Watched "Melancholia" (With Kirsten Dunst) Last Night

I watched Melancholia with Kirsten Dunst, Charlotte Rampling, and Kiefer Sutherland (amongst others) last night. Anyone else watch this recently (Netflix, of course)? My husband nailed the review for it (without even having watched it) - it was a big, slow bummer. Absolutely gorgeous movie, mind you, but nothing happened until the very end, and it was a long slow time of nothing happening and me wondering why the hell I’m watching this movie, anyway.

Oh, sure, the planet does get blown up at the end, but nothing at all happens until then.

Kirsten Dunst had a very nice wedding dress on for the first half of it, though. I did like that. :slight_smile:

I like it better when she wasn’t wearing it. :smiley:

I liked the movie overall, though it’s one of those movies where it helps to be in a contemplative mood.

I enjoyed it, and not because of Dunst nudity. I didn’t find the slow pacing and character focus to be a minus.

The Dunst nudity didn’t do much for me. :slight_smile: I don’t mind a contemplative, slow movie, but I’d like something to happen!

You thought there was character focus, Skald? I didn’t get that at all - they just seemed to be these flat characters who had no depth at all to me.

Blind post: How’d you get her to come over? :wink:

I saw the movie. I thought it was gorgeous. The problem for me is that I didn’t find any of the characters to be sympathetic.

Two people above have said nothing happened. But things happened, for example:

She cancelled her wedding and threw away her career by having sex with a groomsman.
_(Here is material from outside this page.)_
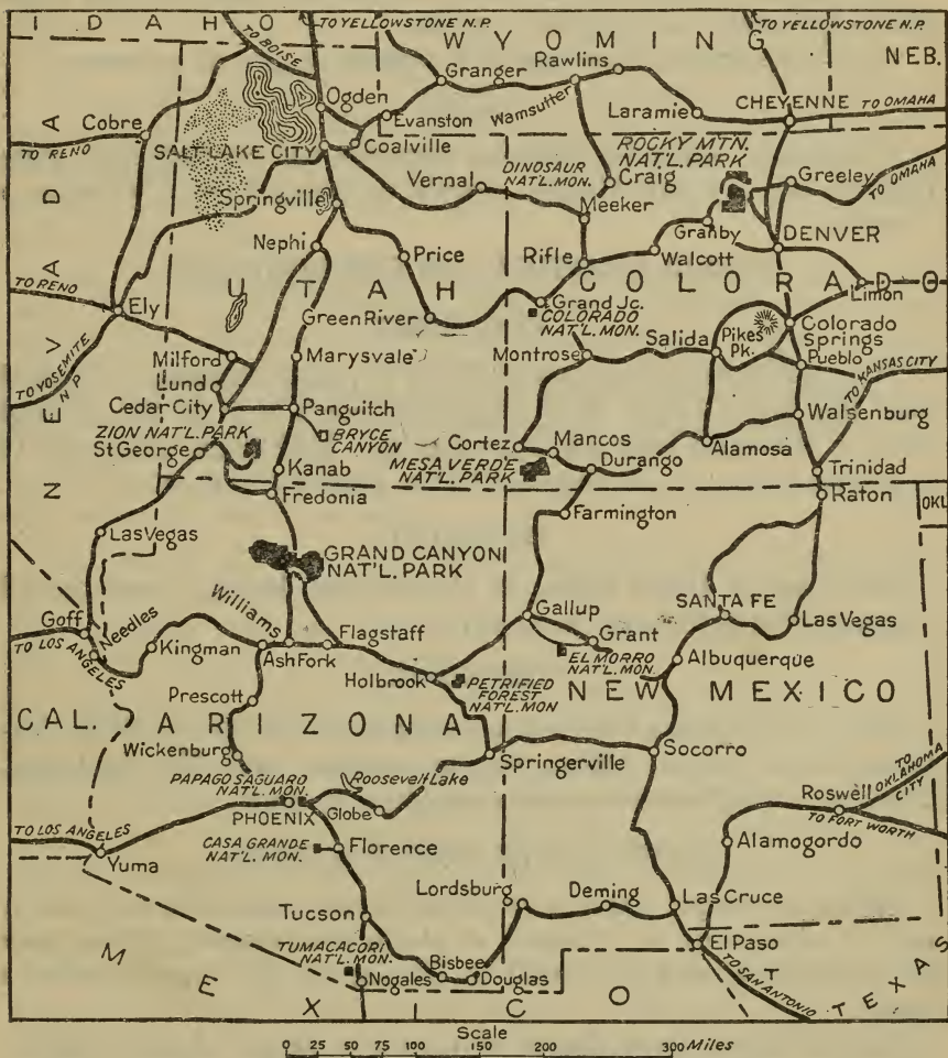
MAP SHOWING PRINCIPAL AUTOMOBILE ROUTES IN COLORADO, UTAH, ARIZONA, AND NEW MEXICO.

Williams. —Williams is 34 miles west of Flagstaff, on the main east and west highway through Arizona. It is the nearest shopping

Her brother in law killed himself.

A planet slowly approached and finally engulfed the Earth, destroying everyone and everything on it.

And another thing that happened, though this was stretched out over the course of the film: She and her sister over the course of the film traded places in terms of who’s the one who’s got it together and who’s the fuckup.

It’s this last one that is the heart of the story IMO.

I saw it in the theater and I found it affecting. Made me rather… melancholy for about a week, in a thoughtful smacked-by-the-sublime environmental angst sort of way. It got to me-- about every other of his movies just kicks my ass like that. The others, eh. Shrug.

A lot happened before the end, whether what happened was interesting is a different matter. The actual end was the least interesting part of it.

Personally, overall I quite liked it but did find that I couldn’t watch it for very long at home. Took several sessions.

I thought I took care of that with the brackets in the OP. :smiley:

I’m open to the idea that I didn’t understand the movie; I didn’t get much of anything out of it. So the sisters switching roles was the point, eh? I totally didn’t get that.

Wait – a movie called “Melancholia” was a big, slow bummer? I’m shocked!

:wink:

Yeah, I maybe could have seen that coming. :slight_smile:

I saw it when the DVD came out. I thought it was well done and enjoyed the visuals and the atmosphere.
It is a Lars Von Trier film, so I would think you kind of know what to expect going into it.

I think it was one of the main tools used to express the theme of the film. Her depression equipped her to deal with The End Of Everything level-headedly, with poise and sensitivity. Those are traits we would have assigned to her sister as long as we were able to ignore the fact that The End Of Everything was coming.

While things could still sell themelves as “normal,” Dunst’s character seemed childish and impetuous and dysfunctional. But at the end of the film, she was able to justly accuse her sister of childishness, and was able to help her nephew through by modeling calm acceptance, while her sister thrashed around uselessly, her dignity lost, all the way to the final moment.

I really liked the surface elements; namely the tension of the inexorable approach of that planet.

The scene it the beginning from outer space where we see it crash into the earth was excellent.

Later on, as Kiefer is killing himself in the barn, when his wife uses the coat hanger thing to verify the planet is getting further away but it turns out to be so much closer my stomach dropped out. The agonizing dread inspired by that one moment just killed me.

And the final impact was both satisfying and anti-climactic, which was of course fitting because there was no life left in the entire universe to experience a denouement.

That was pretty shocking - but it was going away! It was just going to be a near miss! What’s it doing coming back again?!?

They showed the irregular path it took earlier when one of the women was doing internet research. We saw a printout of its path. Here is a link to what the printout looked like from the wikipedia page about the movie. Whether or not that path is plausible is something else, but that’s what we were shown.

Wow - that’s erratic. That makes more sense about why it came back again.

As for the husband committing suicide, what a douchebag! Bogarting the death pills! Not cool!